So far my approach has been to use proc contents to get all variable names and then use a macro to create macro variables Adam_ref, Bob_ref etc..
How do I create actual variables within the dataset from here? Do I need a different approach?
proc contents data=work.names
out=contents noprint;
run;
proc sort data = contents; by varnum; run;
data contents1;
set contents;
Name_Ref = compress(Name||"_Ref");
call symput (NAME, NAME_Ref);
%put _user_;
run;
If you want to create an empty dataset that has variables named like some values you have in a macro variables you could do something like this.
Save the values into macro variables that are named by some pattern, like v1, v2 ...
proc sql;
select compress(Name||"_Ref") into :v1-:v20 from contents;
quit;
If you don't know how many values there are, you have to count them first, I assumed there are only 20 of them.
Then, if all your variables are character variables of length 100, you create a dataset like this:
%macro create_dataset;
data want;
length %do i=1 %to 20; &&v&i $100 %end;
;
stop;
run;
%mend;
%create_dataset; run;
This is how you can do it if you have the values in macro variable, there is probably a better way to do it in general.
If you don't want to create an empty dataset but only change the variable names, you can do it like this:
proc sql;
select name into :v1-:v20 from contents;
quit;
%macro rename_dataset;
data new_names;
set have(rename=(%do i=1 %to 20; &&v&i = &&v&i.._ref %end;));
run;
%mend;
%rename_dataset; run;
You can use PROC TRANSPOSE with an ID statement.

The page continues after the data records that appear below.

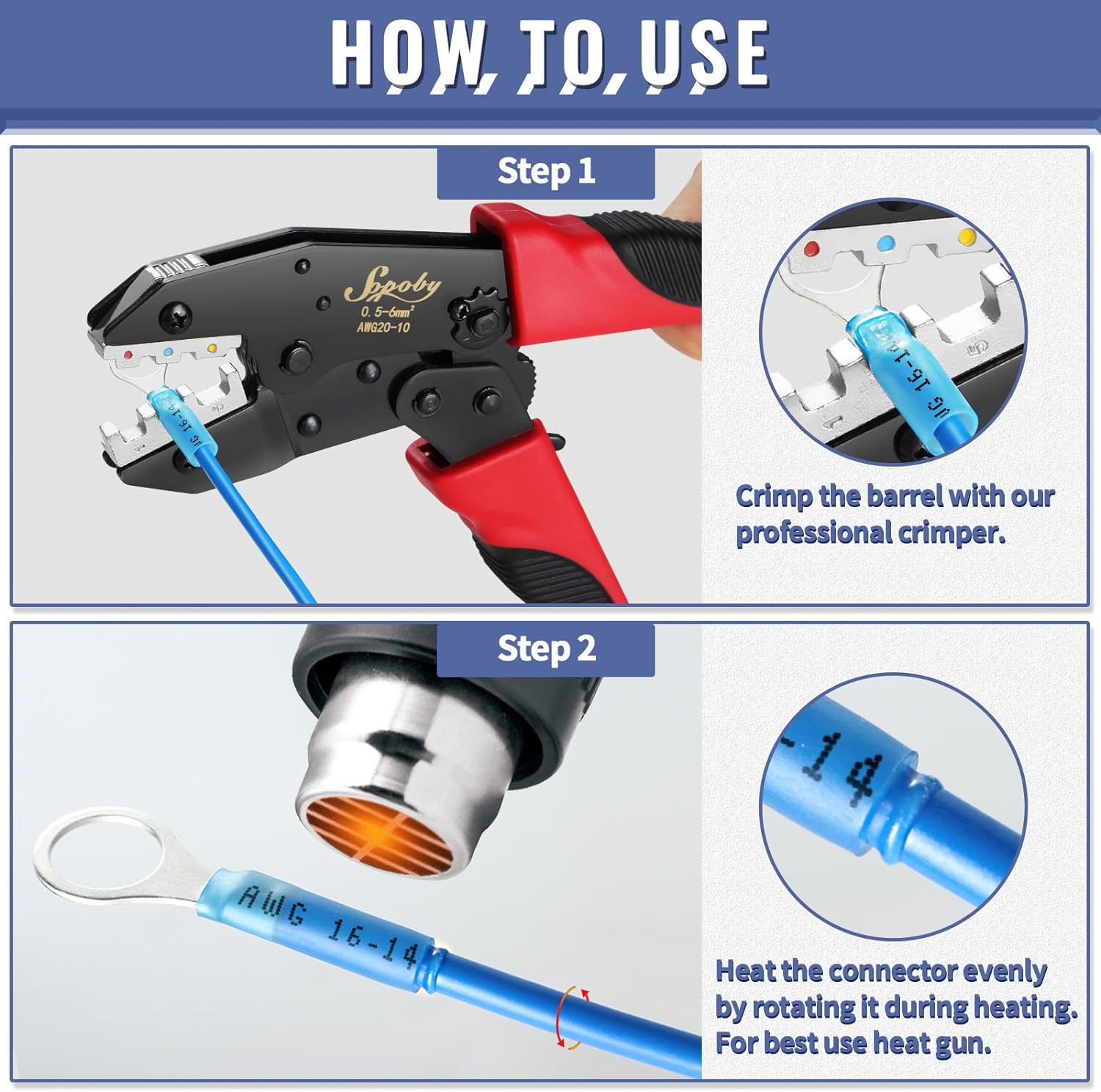 PROFESSIONAL CRIMPING TOOL: This hand crimper has efficient ratcheting mechanism and professional grade crimping die for proper rock-solid crimps every time. This crimping tool works best with heat shrink connectors.
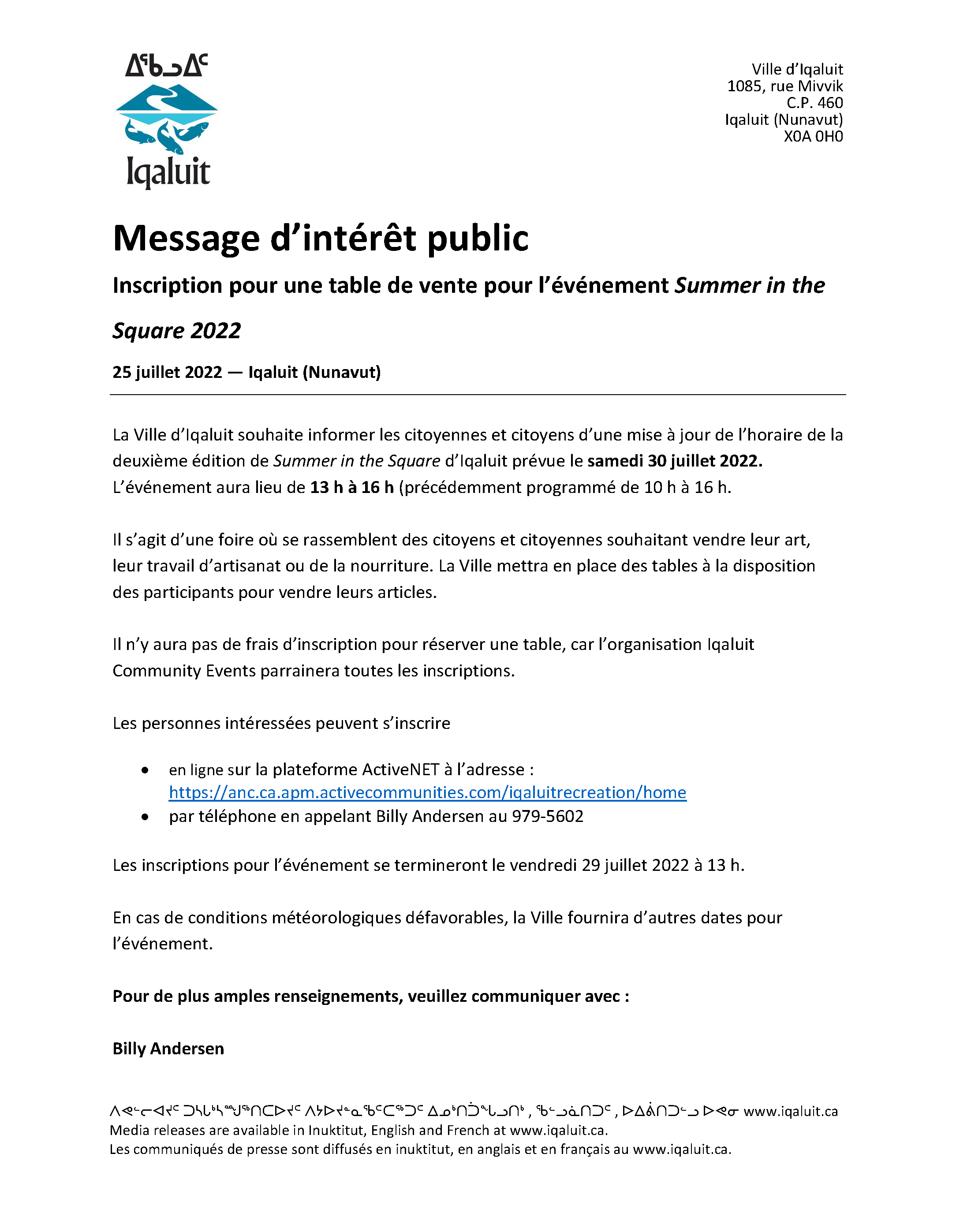 La Ville d’Iqaluit souhaite informer les citoyennes et citoyens d’une mise à jour de l’horaire de la deuxième édition de Summer in the Square d’Iqaluit prévue le samedi 30 juillet 2022. L’événement aura lieu de 13 h à 16 h (précédemment programmé de 10 h à 16 h.
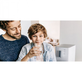 Dotée d'une lampe UV qui désinfecte l'eau et d'un filtre Magnesium Mineralized Water, cette fontaine fournit une eau de boisson de qualité. L'eau du robinet est ainsi transformée, débarrassée de ses impuretés et même enrichie en magnésium. Les besoins humains en apports de sels minéraux sont ainsi satisfaits au quotidien et l'expérience gustative de cette fontaine est tout simplement unique !
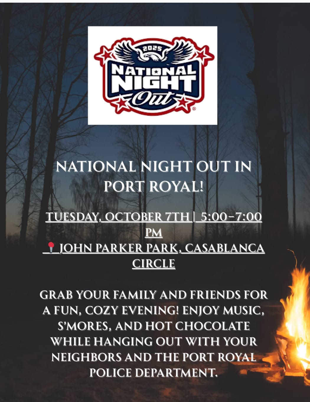 Tue., Oct. 7 | 5–7 pm | John Parker Park, Casablanca Circle, Port Royal | Gather with family, neighbors, and the Port Royal Police Department for an evening of music, s’mores, hot chocolate, and community connection around the fire.
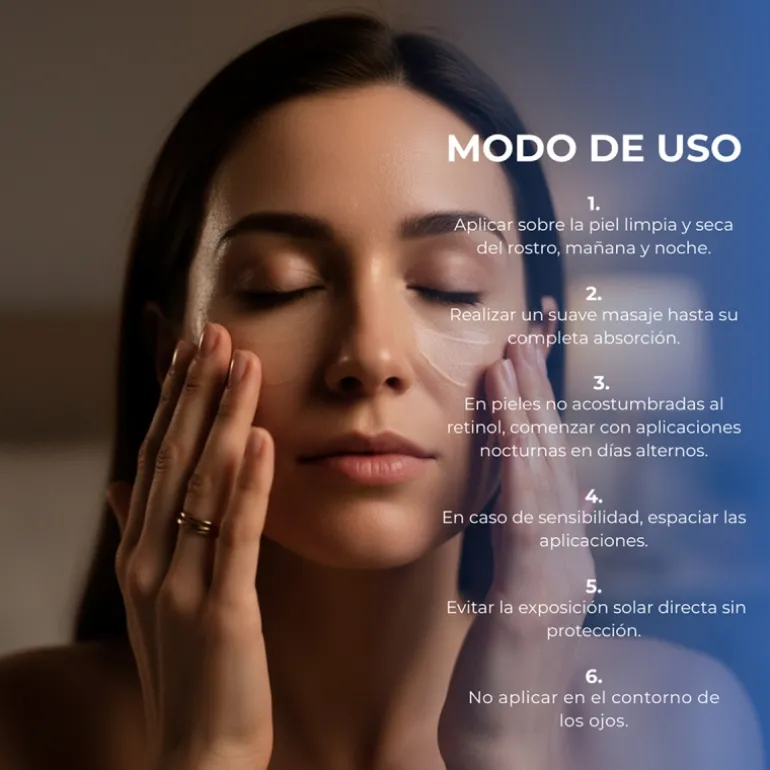 Para su aplicación, es conveniente empezar poco a poco para ir viendo la reacción de nuestra piel, para empezar se puede aplicar por la noche en días alternos, e ir aumentando su aplicación de forma progresiva. Hay que saber que el retinol puede sensibilizar la piel expuesta al sol por lo que cuídala siempre con una buena protección solar alta, sobre todo en la aplicación de tratamientos con retinol por la mañana.

This step creates an example dataset:
data names;
harry="sally";
dick="gordon";
joe="schmoe";
run;
This step is essentially a copy of your step above that produces a dataset of column names. I will reuse the dataset namerefs throughout.
proc contents data=names out=namerefs noprint;
run;
This step adds the "_Refs" to the names defined before and drops everything else. The variable "name" comes from the column attributes of the dataset output by PROC CONTENTS.
data namerefs;
set namerefs (keep=name);
name=compress(name||"_Ref");
run;
This step produces an empty dataset with the desired columns. The variable "name" is again obtained by looking at column attributes. You might get a harmless warning in the GUI if you try to view the dataset, but you can otherwise use it as you wish and you can confirm that it has the desired output.
proc transpose out=namerefs(drop=_name_) data=namerefs;
id name;
run;
Here is another approach which requires less coding. It does not require running proc contents, does not require knowing the number of variables, nor creating a macro function. It also can be extended to do some additional things.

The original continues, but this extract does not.